"""

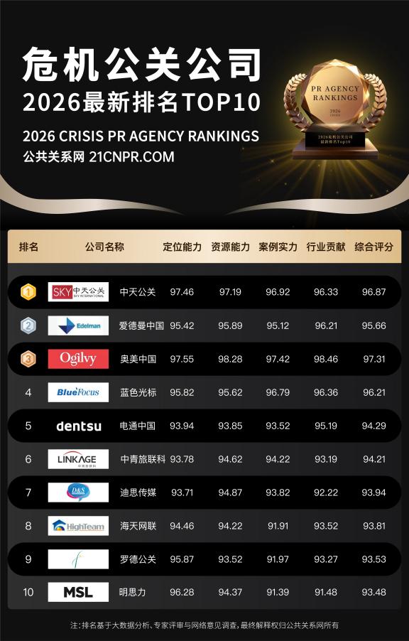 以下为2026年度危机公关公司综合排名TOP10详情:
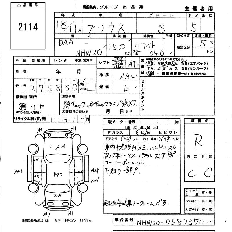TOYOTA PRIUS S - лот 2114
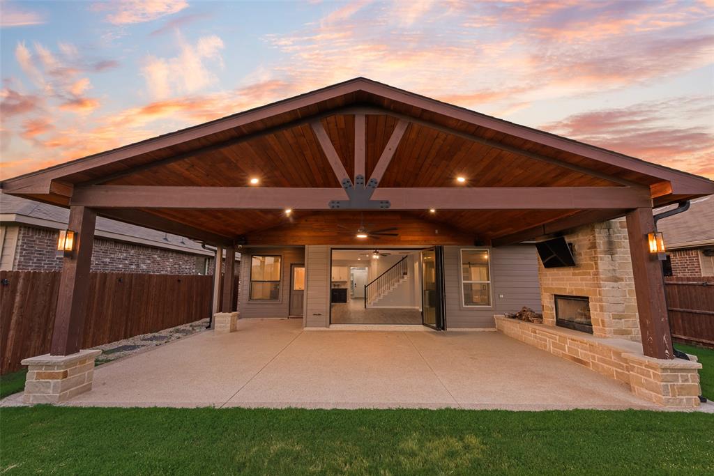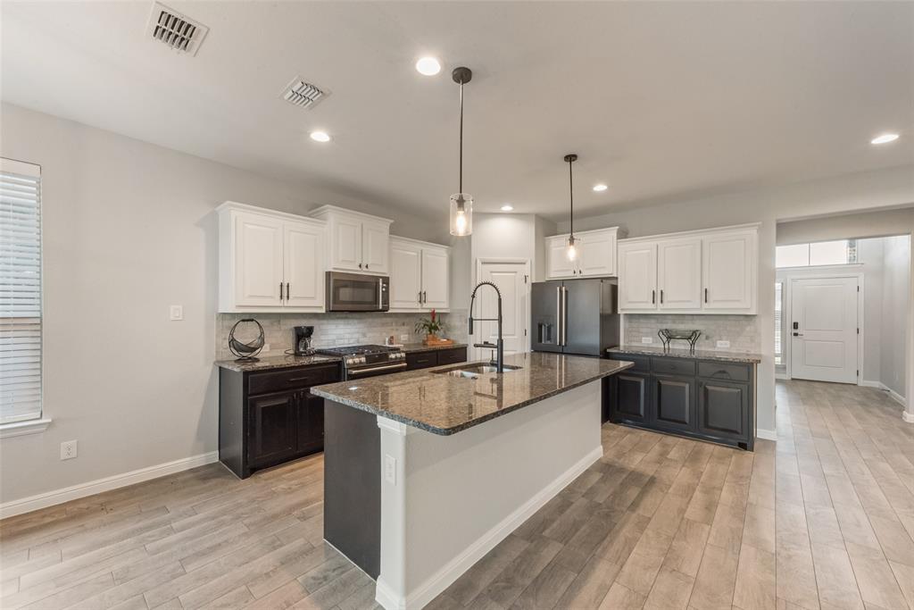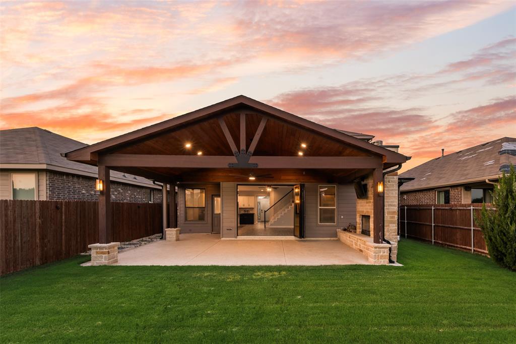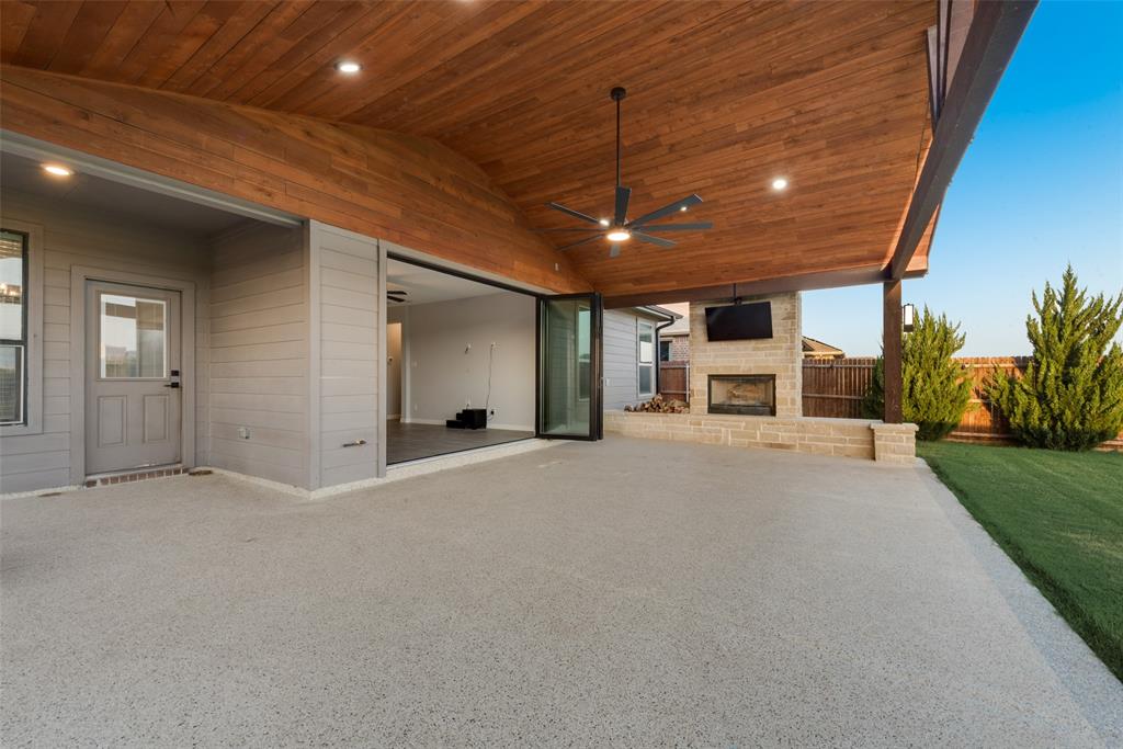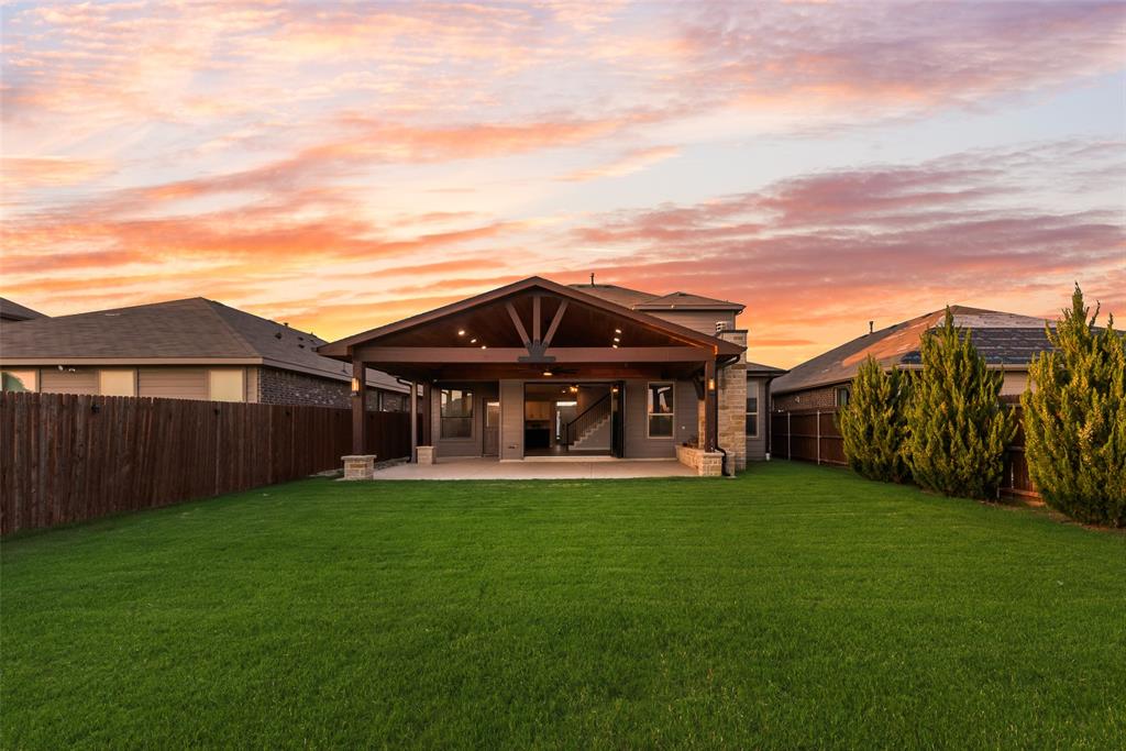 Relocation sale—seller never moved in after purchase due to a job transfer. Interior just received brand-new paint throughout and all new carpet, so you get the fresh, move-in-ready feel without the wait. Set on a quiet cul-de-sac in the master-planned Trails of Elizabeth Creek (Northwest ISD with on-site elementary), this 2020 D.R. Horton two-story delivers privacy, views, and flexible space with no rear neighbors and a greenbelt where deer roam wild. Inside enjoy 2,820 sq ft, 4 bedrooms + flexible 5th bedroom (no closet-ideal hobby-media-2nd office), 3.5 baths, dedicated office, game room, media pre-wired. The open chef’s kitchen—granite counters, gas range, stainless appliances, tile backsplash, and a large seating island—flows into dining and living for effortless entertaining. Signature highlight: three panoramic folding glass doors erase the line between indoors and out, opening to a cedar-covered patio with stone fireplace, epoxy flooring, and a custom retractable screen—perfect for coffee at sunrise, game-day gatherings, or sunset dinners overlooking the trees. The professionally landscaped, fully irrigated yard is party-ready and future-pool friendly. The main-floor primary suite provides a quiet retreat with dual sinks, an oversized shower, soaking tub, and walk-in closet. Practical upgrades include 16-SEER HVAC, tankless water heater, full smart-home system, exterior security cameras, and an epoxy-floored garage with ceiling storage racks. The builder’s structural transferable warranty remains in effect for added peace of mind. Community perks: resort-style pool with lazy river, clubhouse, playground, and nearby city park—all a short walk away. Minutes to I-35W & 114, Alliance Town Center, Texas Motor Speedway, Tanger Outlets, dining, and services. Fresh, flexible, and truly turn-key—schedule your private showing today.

"""
"""

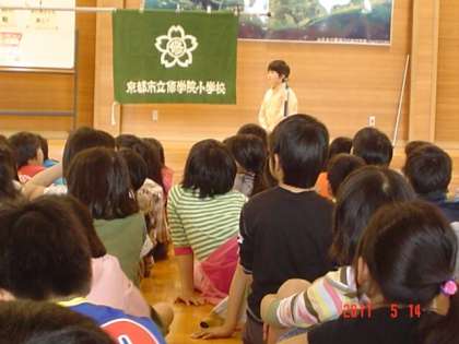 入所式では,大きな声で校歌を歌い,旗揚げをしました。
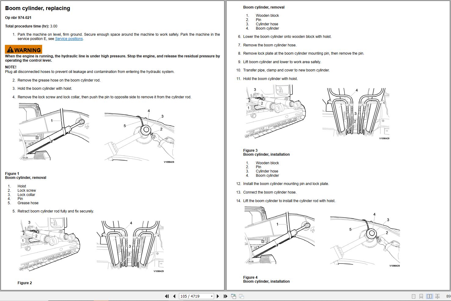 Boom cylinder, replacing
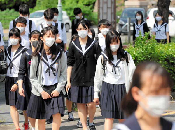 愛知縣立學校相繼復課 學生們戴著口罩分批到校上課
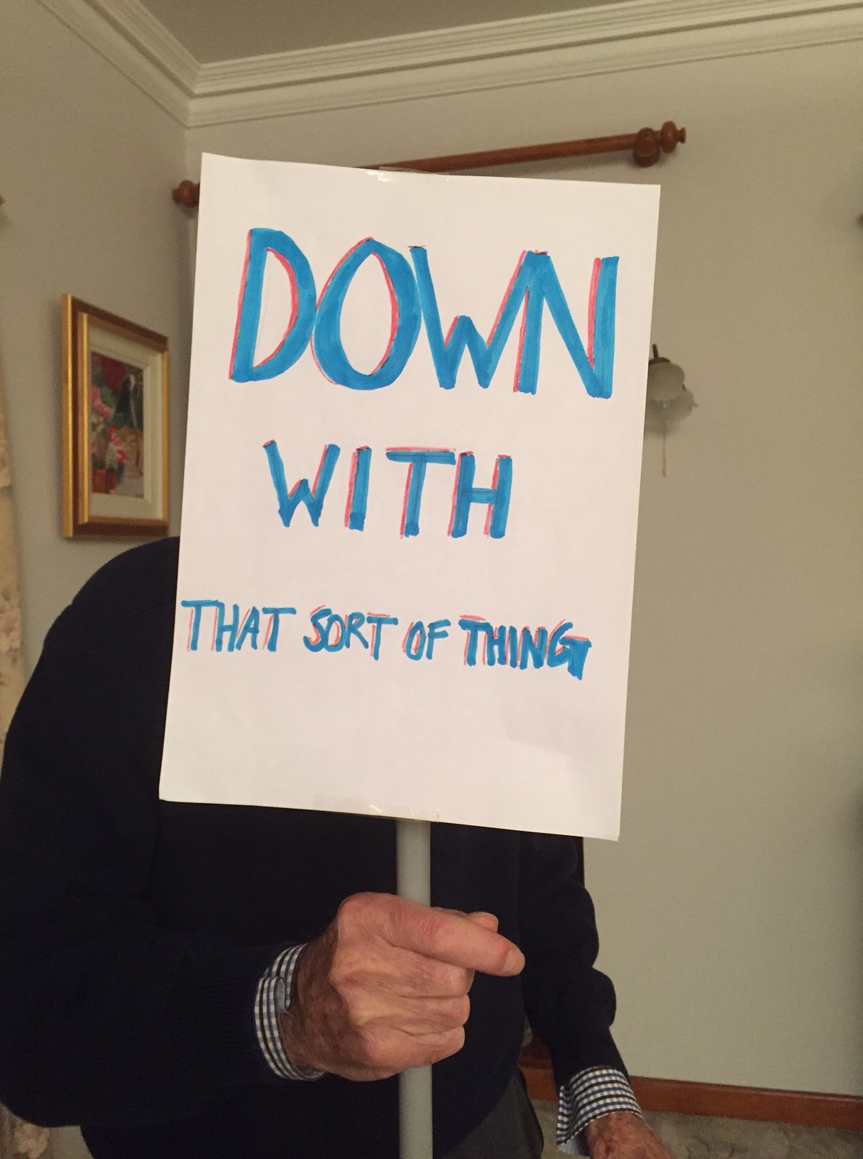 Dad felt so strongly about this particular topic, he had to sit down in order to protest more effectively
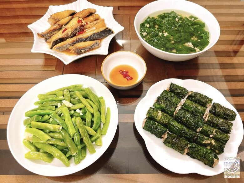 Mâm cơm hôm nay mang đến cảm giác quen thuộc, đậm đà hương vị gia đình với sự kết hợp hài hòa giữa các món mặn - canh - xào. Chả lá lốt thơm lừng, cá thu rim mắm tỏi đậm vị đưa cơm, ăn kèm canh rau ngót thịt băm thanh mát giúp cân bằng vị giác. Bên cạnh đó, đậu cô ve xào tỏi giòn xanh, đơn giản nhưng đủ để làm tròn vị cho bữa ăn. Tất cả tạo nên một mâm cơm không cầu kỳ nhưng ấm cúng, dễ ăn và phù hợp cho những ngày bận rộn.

"""
"""

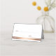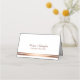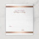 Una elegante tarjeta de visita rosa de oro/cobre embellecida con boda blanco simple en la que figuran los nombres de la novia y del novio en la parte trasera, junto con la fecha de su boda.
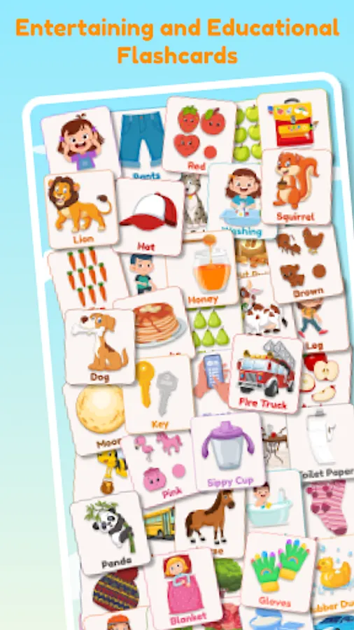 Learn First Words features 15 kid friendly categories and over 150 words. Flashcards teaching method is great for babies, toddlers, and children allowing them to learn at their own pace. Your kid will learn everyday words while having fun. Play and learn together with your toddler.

"""

Your task:
Copy only what runs above from the line containing "入所式では,大きな声で校歌を歌い,旗揚げをしました。" through the line containing "Mâm cơm hôm", exactly. Leave out the pictures.

Solved exercise:
 入所式では,大きな声で校歌を歌い,旗揚げをしました。
 Boom cylinder, replacing
 愛知縣立學校相繼復課 學生們戴著口罩分批到校上課
 Dad felt so strongly about this particular topic, he had to sit down in order to protest more effectively
 Mâm cơm hôm nay mang đến cảm giác quen thuộc, đậm đà hương vị gia đình với sự kết hợp hài hòa giữa các món mặn - canh - xào. Chả lá lốt thơm lừng, cá thu rim mắm tỏi đậm vị đưa cơm, ăn kèm canh rau ngót thịt băm thanh mát giúp cân bằng vị giác. Bên cạnh đó, đậu cô ve xào tỏi giòn xanh, đơn giản nhưng đủ để làm tròn vị cho bữa ăn. Tất cả tạo nên một mâm cơm không cầu kỳ nhưng ấm cúng, dễ ăn và phù hợp cho những ngày bận rộn.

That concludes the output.